[Opening INFORMATION section]
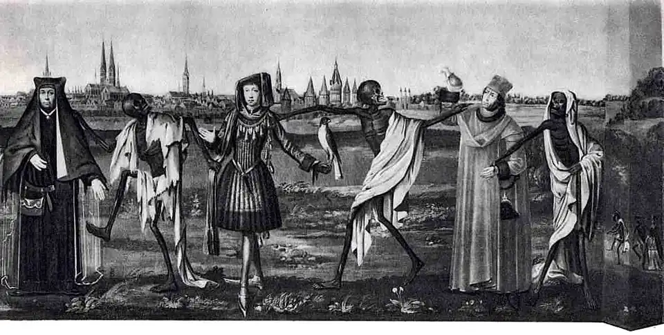 It has been pointed out that already the first work known to have been made by Notke (between 1463 – 1466) is of unusual character: it was a 2 metres (6.6 ft) high and at least 26 metres (85 ft) long tapestry depicting the popular late medieval motif of the Danse Macabre (the dance of Death), made for a chapel of St. Mary's Church in Lübeck. It was lost, most likely destroyed, during the allied bombing of Lübeck in 1942. A copy, made in 1701 by Anton Wortmann, survives.[2][6]
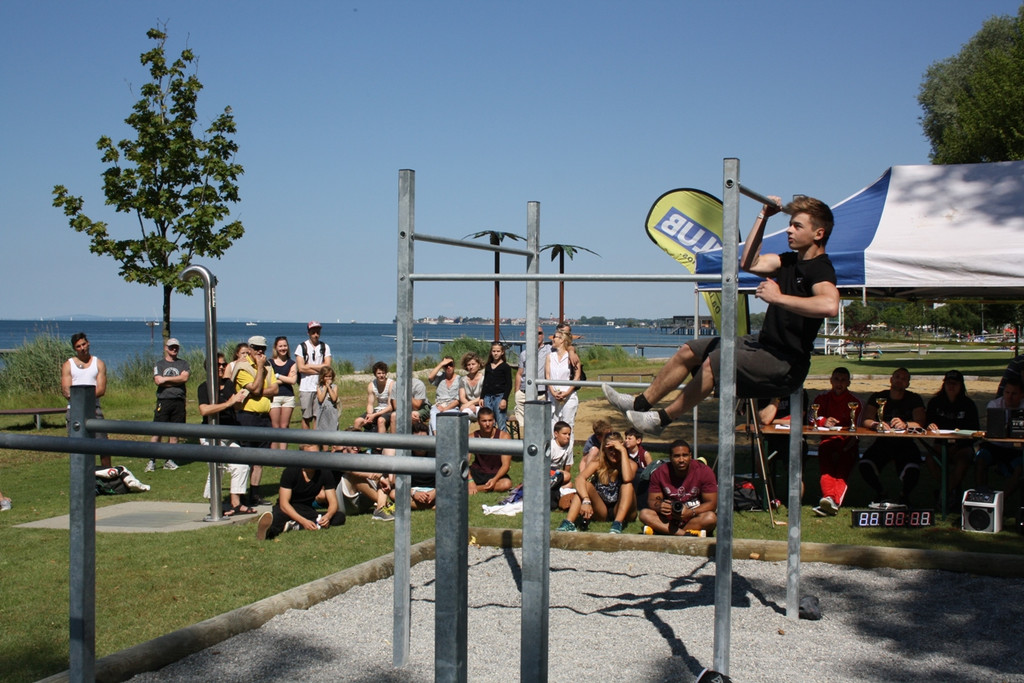 „Street Workout“-Staatsmeisterschaft auf der Train-Station im Lochauer Strandbad
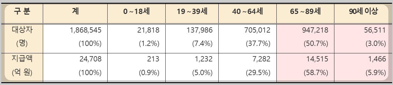 연령별로는 65세 이상 대상자 100만 3,729명이 1조 5,981억 원을 본인부담상한액 초과금으로 받아, 전체 대상자의 53.7%, 지급액의 64.6%를 차지하였다.
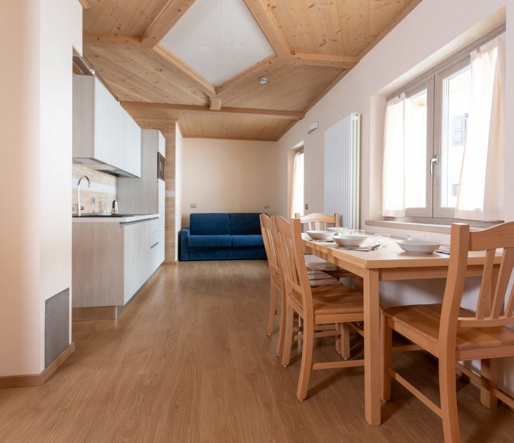 - 2x Trilo Superior (2-5 osôb, cca 65 m2, dvojpodlažný): na prvom podlaží obývacia izba s kuchynským kútom, jedálenským sedením, 1 samostatnou posteľou a izba s manželskou posteľou a kúpeľňou. Na vyššom podlaží je open space s rozkladacou pohovkou (spanie pre 2 osoby) a kúpeľňou. Balkón. TV, wifi. Ideál pre 4- alebo 5-člennú rodinu.
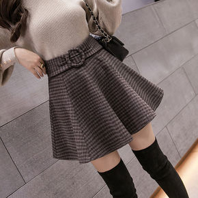呢子短裙子2020秋冬新款韩版百搭显瘦高腰格子毛呢...
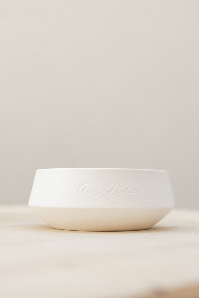 Eine schlichte Ringschale aus gegossenem Porzellan. Dieses Stück graviert mit dem Schriftzug "Aus Liebe". Die Lieferung erfolgt in einer sicheren Aufbewahrung.
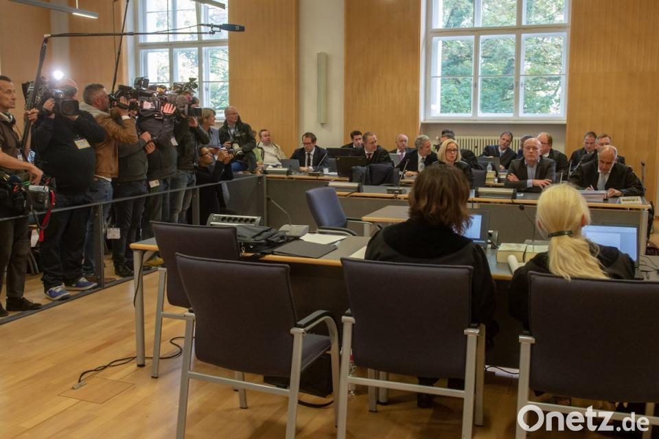 An Wolbergs Seite sitzen seine Anwälte, hinter ihm die Mitangeklagten mit ihren Verteidigern. Neben dem suspendierten OB stehen der ehemalige Fraktionsvorsitzende der SPD im Regensburger Stadtrat, Norbert Hartl, sowie der Bauunternehmer Volker Tretzel und ein früherer Mitarbeiter Tretzels, Franz W., vor Gericht.
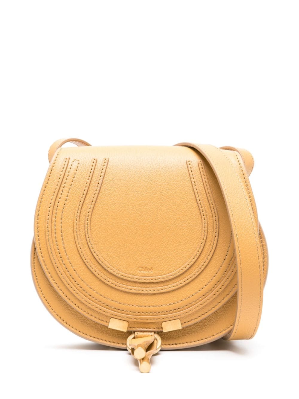 Taking inspiration from 70's folk styles, Chloé's small Marcie crossbody bag is crafted from grained leather with curved lines that lend a contoured silhouette. Decorative stitching and gold-tone metal accents complement the accessory and showcase the Parisian brand's meticulous attention to detail.
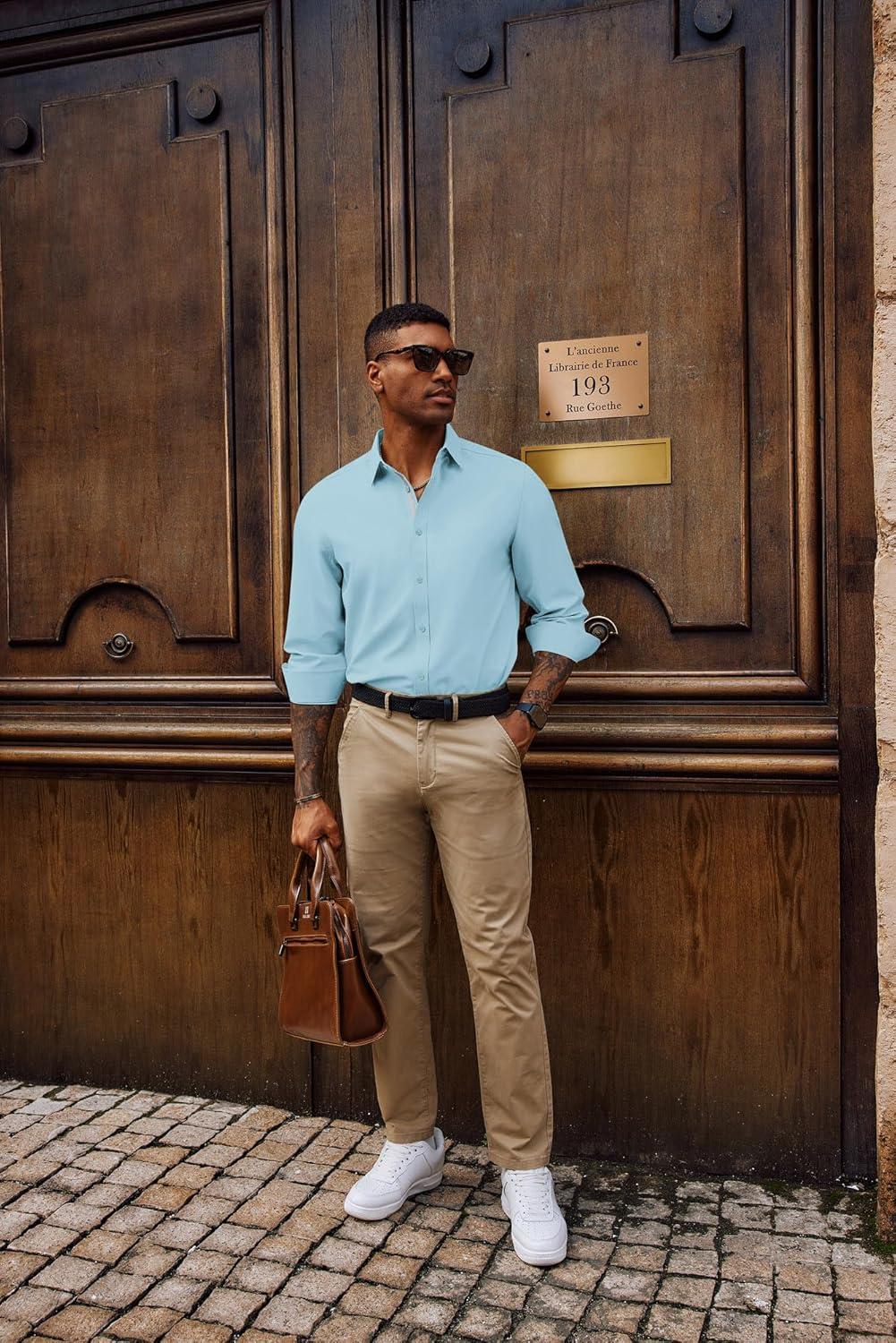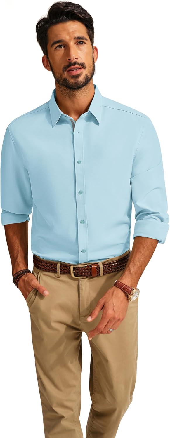 PJ PAUL JONES Mens Dress Shirts Wrinkle Free Stretch Button Down Shirt Casual Long Sleeve Business Shirts(Sky Blue)
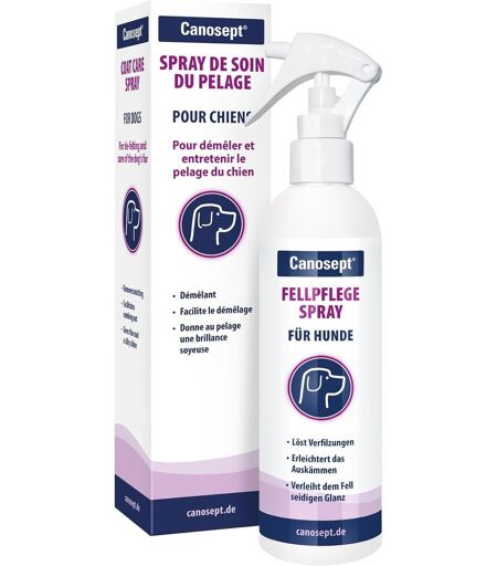 Dog coat care: With Canosept coat care spray, shaggy and brittle dog hair can be easily combed - it loosens knots and ensures silky shiny hair.Practical and effective coat care spray: the fur spray seals each hair with a protective film, so even dirt, dust and water are repelled - the usual snags and tangles are finished.Dog fragrance: The care spray works organically, is particularly gentle on dogs and contains no alcohol or solvents. Thanks to the pump spray, it is ideal for dispensing - whether on short or long hair.Dog Cleaning Spray with the Canosept Dog Care Range, Your Sweeties Can Be pampered all around and feel good/No more annoying knots or endless combing - for happy dogs and owners.Made in Germany ...
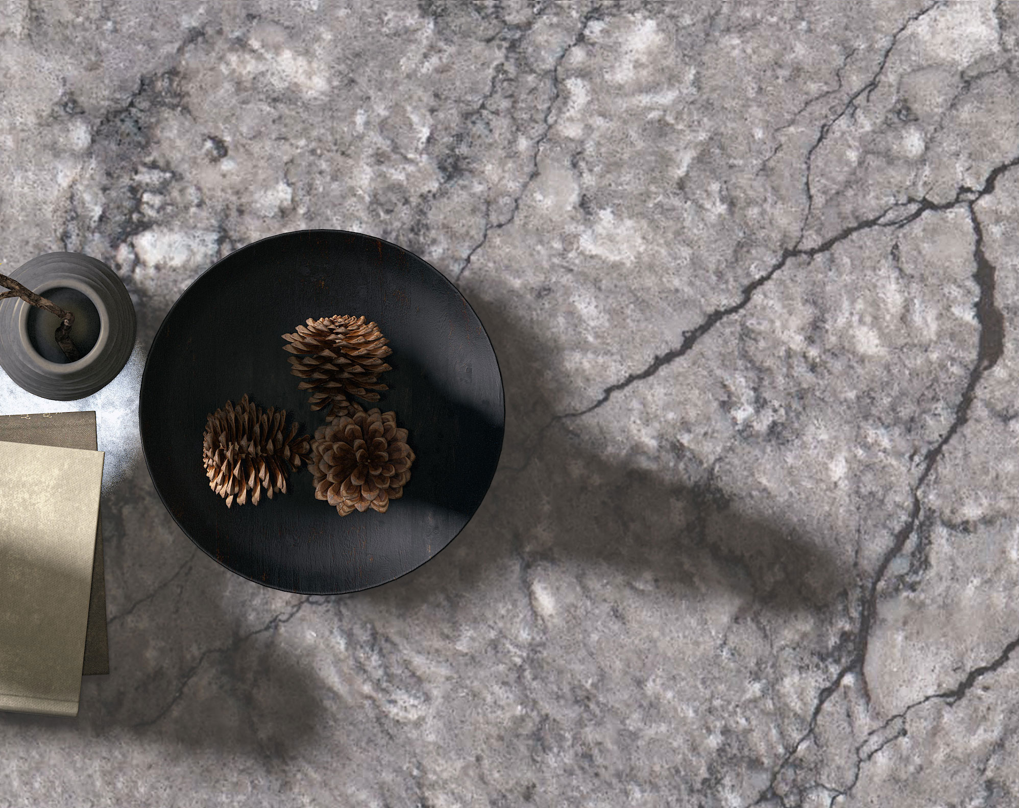 Vicostone Thunder Grey-Steinprodukte zeichnen sich durch rissige Strukturen aus, die sich wie Blitzeschläge auf der gesamten Platte ausbreiten. Diese Strukturen wirken besonders eindrucksvoll auf einer Oberfläche in hellgrauer Granit-Optik.
[Closing INFORMATION section]
:: TASK DIRECTIONS ::
Drop the pictures; return the lines above from the line containing "- 2x Trilo Superior" to the line containing "呢子短裙子2020秋冬新款韩版百搭显瘦高腰格子毛呢...", both included, exactly.

:: TASK RESPONSE ::
 - 2x Trilo Superior (2-5 osôb, cca 65 m2, dvojpodlažný): na prvom podlaží obývacia izba s kuchynským kútom, jedálenským sedením, 1 samostatnou posteľou a izba s manželskou posteľou a kúpeľňou. Na vyššom podlaží je open space s rozkladacou pohovkou (spanie pre 2 osoby) a kúpeľňou. Balkón. TV, wifi. Ideál pre 4- alebo 5-člennú rodinu.
呢子短裙子2020秋冬新款韩版百搭显瘦高腰格子毛呢...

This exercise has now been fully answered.